The nine bounding charges had been made by hand, and they were intentionally not uniform in weight, size, or power. Some rose only three feet, others seven, and the charges detonated over a period of nearly two seconds as Carmody saw light for the last time.





40


Diane Hines had finally reached the stage in her recovery when she was able to do exercises. The designers of Stahl’s condominium building had equipped the subbasement with a workout room full of weights and exercise machines and a twenty-five-yard indoor swimming pool. She could see that Stahl had been right about the designers. They had misjudged their buyers. During Diane’s first fifteen visits she never saw anyone in the pool or the workout room but Stahl.

The rest of the owners were not people who spent much time in the building. Many of them occupied their condominiums only about ten days a year, when they were in Los Angeles on business, and lived in other countries the rest of the time.

The building was perfect for Diane. There was a short hallway off the entrance to the condominiums with an elevator that worked with a key. She took it to the subbasement level of pool, showers, locker rooms, and exercise room. When the elevator arrived and the doors opened, the lights and air-conditioning came on automatically, and she would go in and do her workout. In the third week of workouts, she had begun making noticeable progress toward the way she had always been.
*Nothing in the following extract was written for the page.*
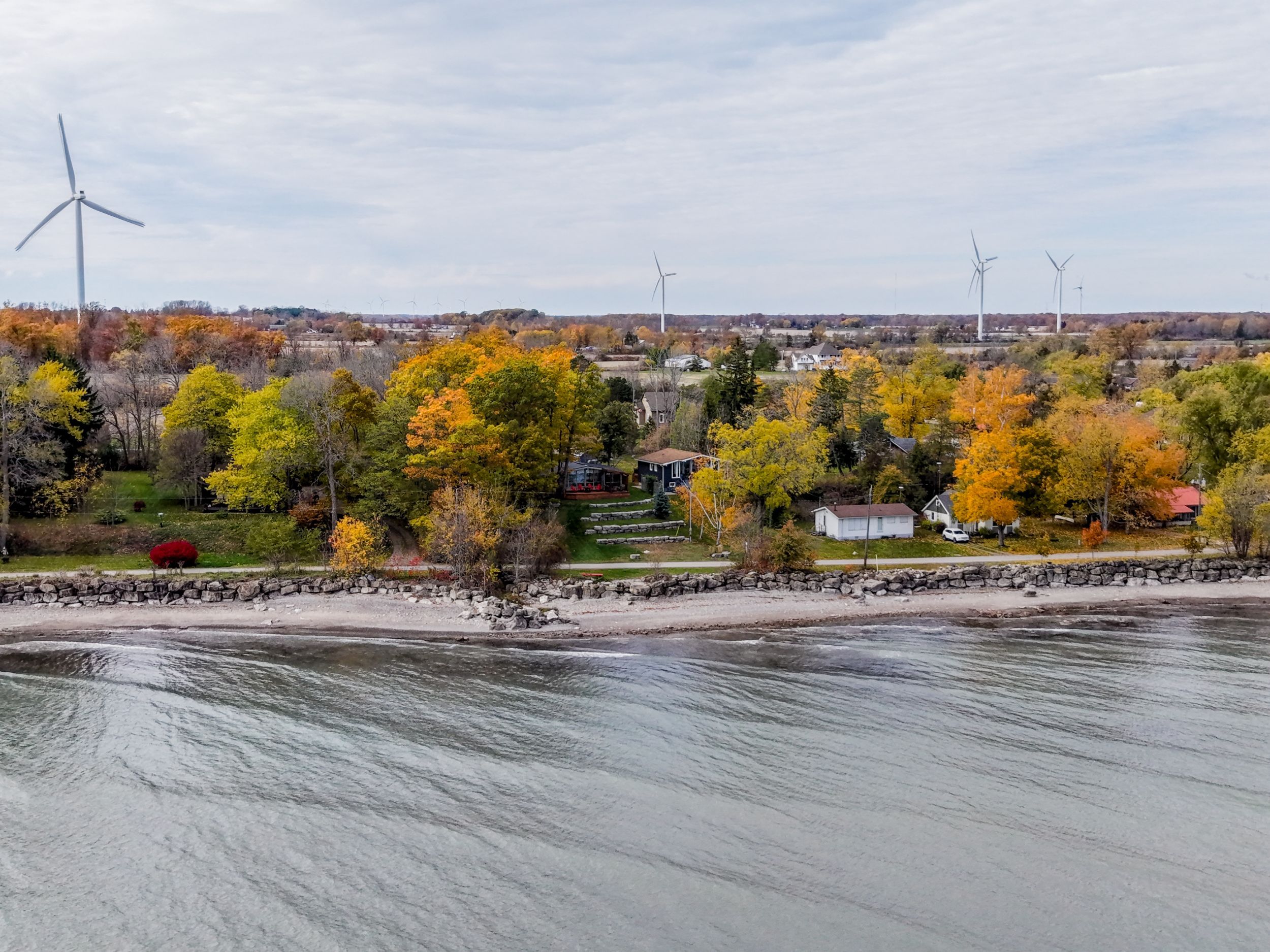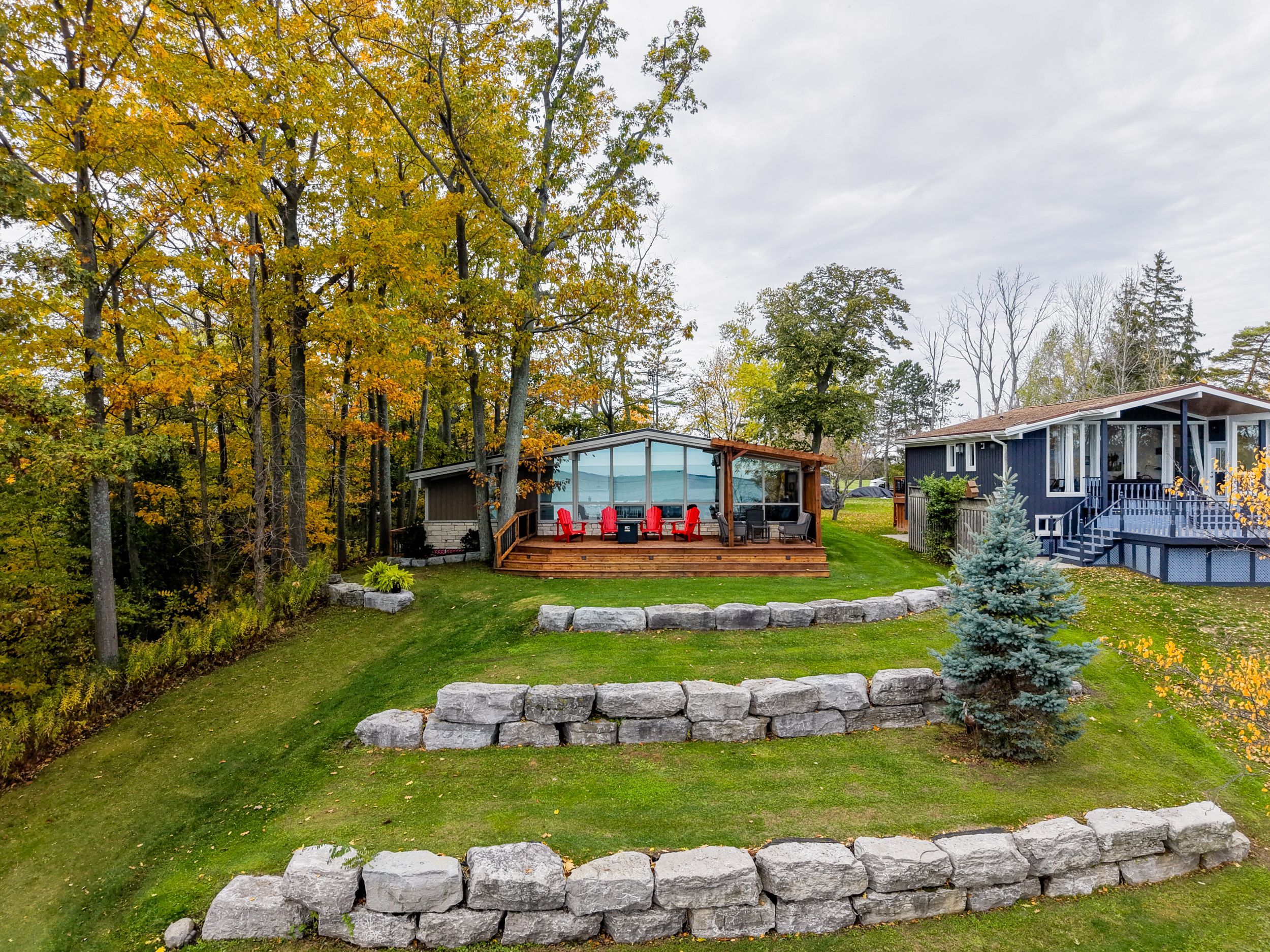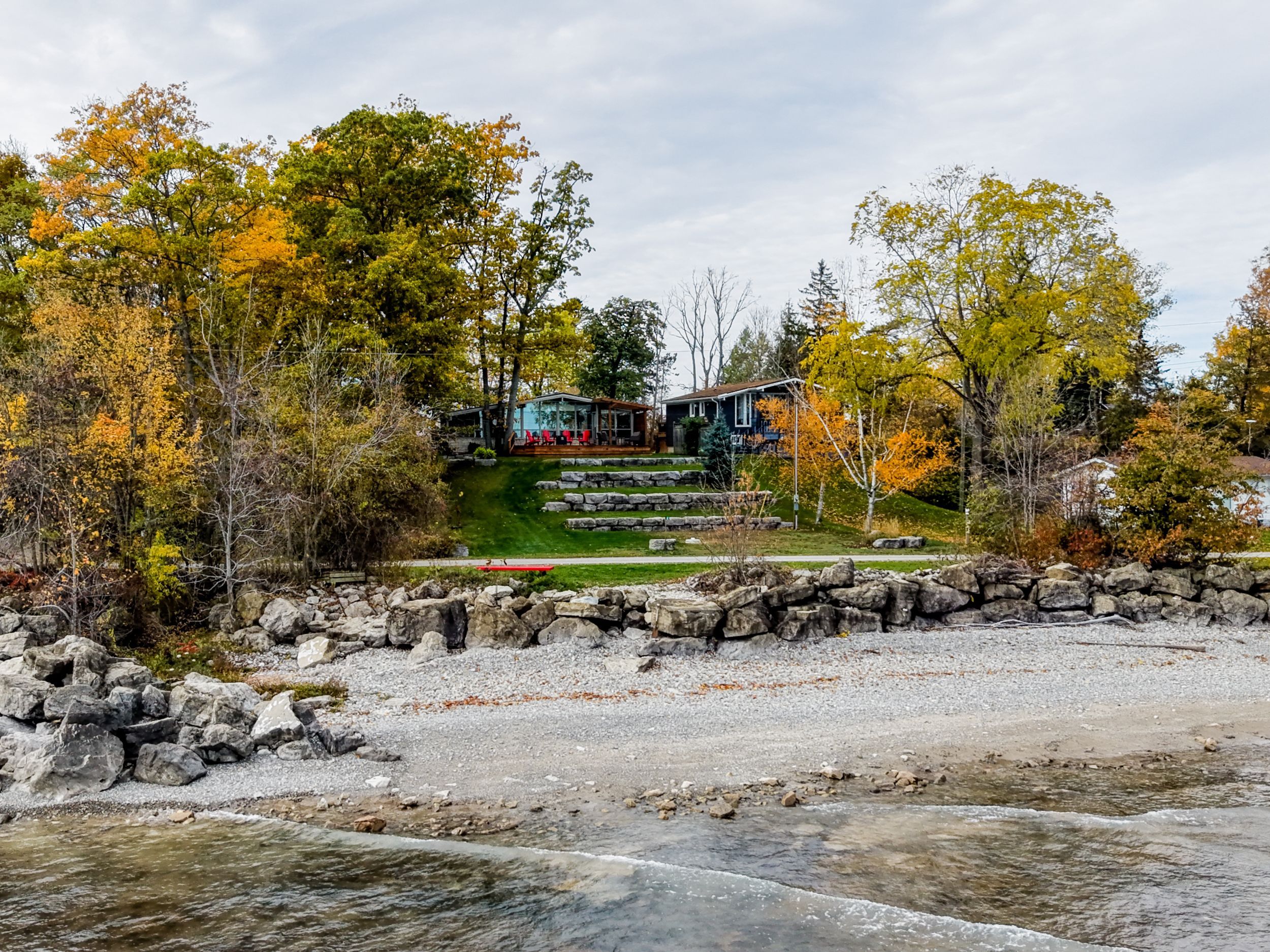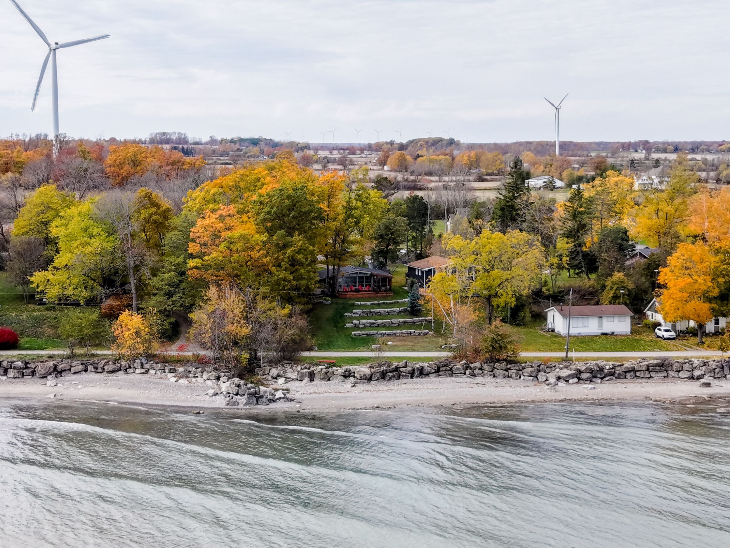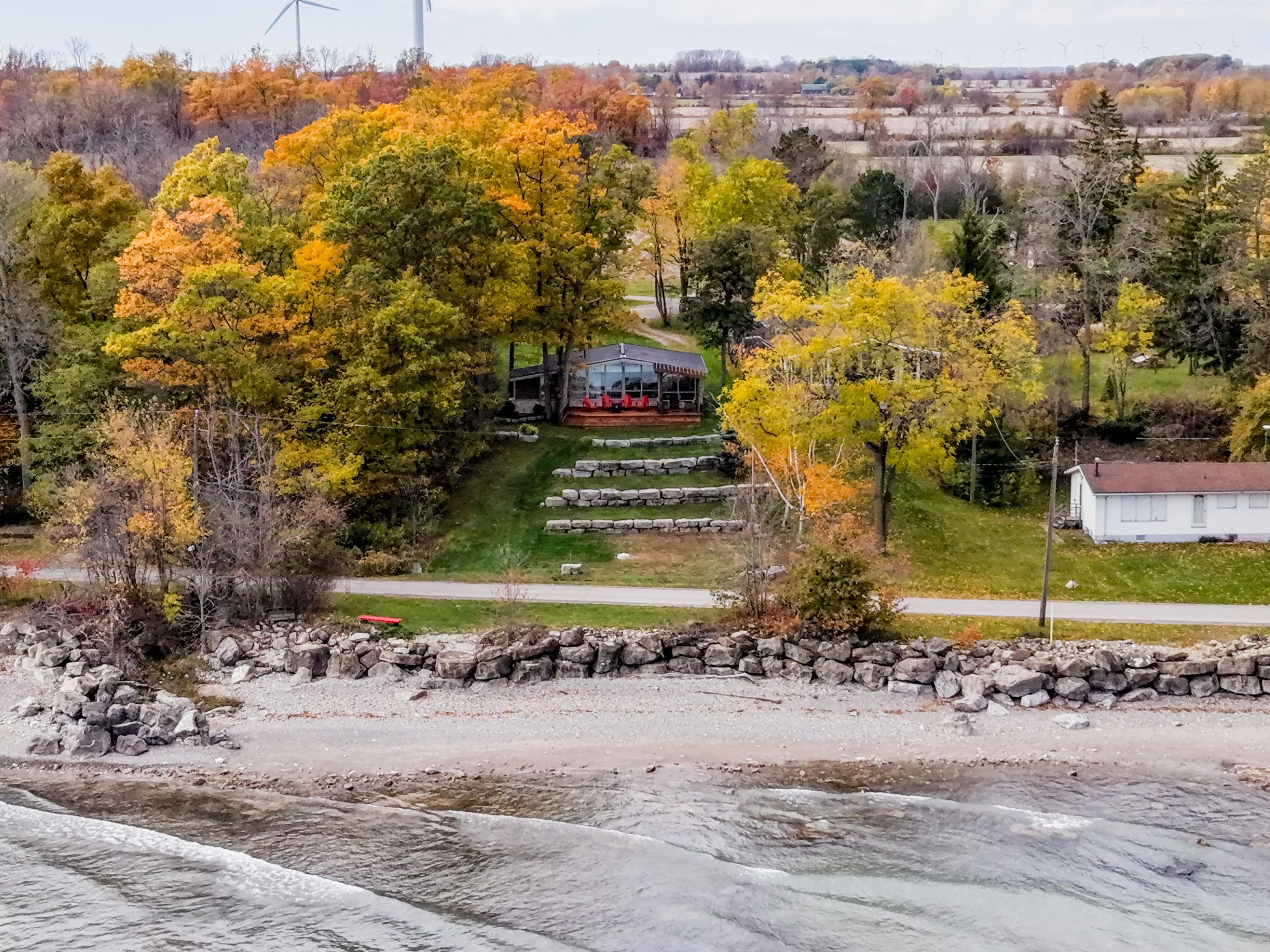 Tucked along a peaceful stretch of lowbanks shoreline between two quiet roads with no through traffic, this beautifully updated lakeside cottage sits on over half an acre and offers stunning panoramic views of lake erie - the perfect year-round retreat for families & friends to relax and reconnect with nature. Inside, the cottage has been thoughtfully refreshed with crisp white finishes complemented by warm natural elements such as wood ceilings and a stone fireplace; creating a bright yet cozy lakeside atmosphere. The open-concept living and dining area is flooded with natural light from a spectacular window wall overlooking the lake, while the gas fireplace adds warmth and charm on cooler evenings. 3 bedrooms and a 4-pc bathroom complete the comfortable main-floor layout. Step outside through the patio door to the lakeside deck, where you can take in sweeping water views & watch the waves roll in. The armour stone terraced yard leads down toward the shoreline, creating a dramatic & beautifully landscaped approach to the lake. Just across mohawk point rd, another armour stone retaining wall frames a small grassy sitting area with a bench - the perfect place to enjoy sunrises, sunsets, and peaceful moments by the water. Below the rock wall lies the beach & lake erie itself, where you can launch paddleboards and kayaks, swim, or simply play along the shoreline before heading back to the cottage for lunch or an afternoon nap. Evenings are made for bonfires, star-filled skies, and time with family & friends. Accessed via kimber rd, the driveway leads to the rear of the property where you'll find a second deck, patio dining/bbq area, and a large storage shed for kayaks, etc, all set within the expansive tree-lined backyard that provides privacy & plenty of space to relax or play. Whether you're looking for a weekend escape, family cottage, or peaceful lakeside retreat, this property offers the sights, sounds & simple pleasures that make life on lake erie so special.

Stahl had spent most working hours at his security company lately, but when he came home he would go down to the subbasement with Diane to lift weights, hit the heavy bag, and swim before dinner.

Today she had done more work than usual in the morning, partly to beat the loneliness she felt when Stahl was away.

After Diane moved in, she had gone online and bought a stack of manuals to help her prepare for the police detective exam. She didn’t exactly hide the manuals, but she didn’t show them to Stahl, either. She kept them on the dresser in the spare bedroom. She knew she was delaying a conversation because she wasn’t sure what she wanted to say to him about it. She wasn’t sure she really wanted to transfer. She just didn’t want to be declared unfit to be a bomb technician and have her career end for lack of alternatives.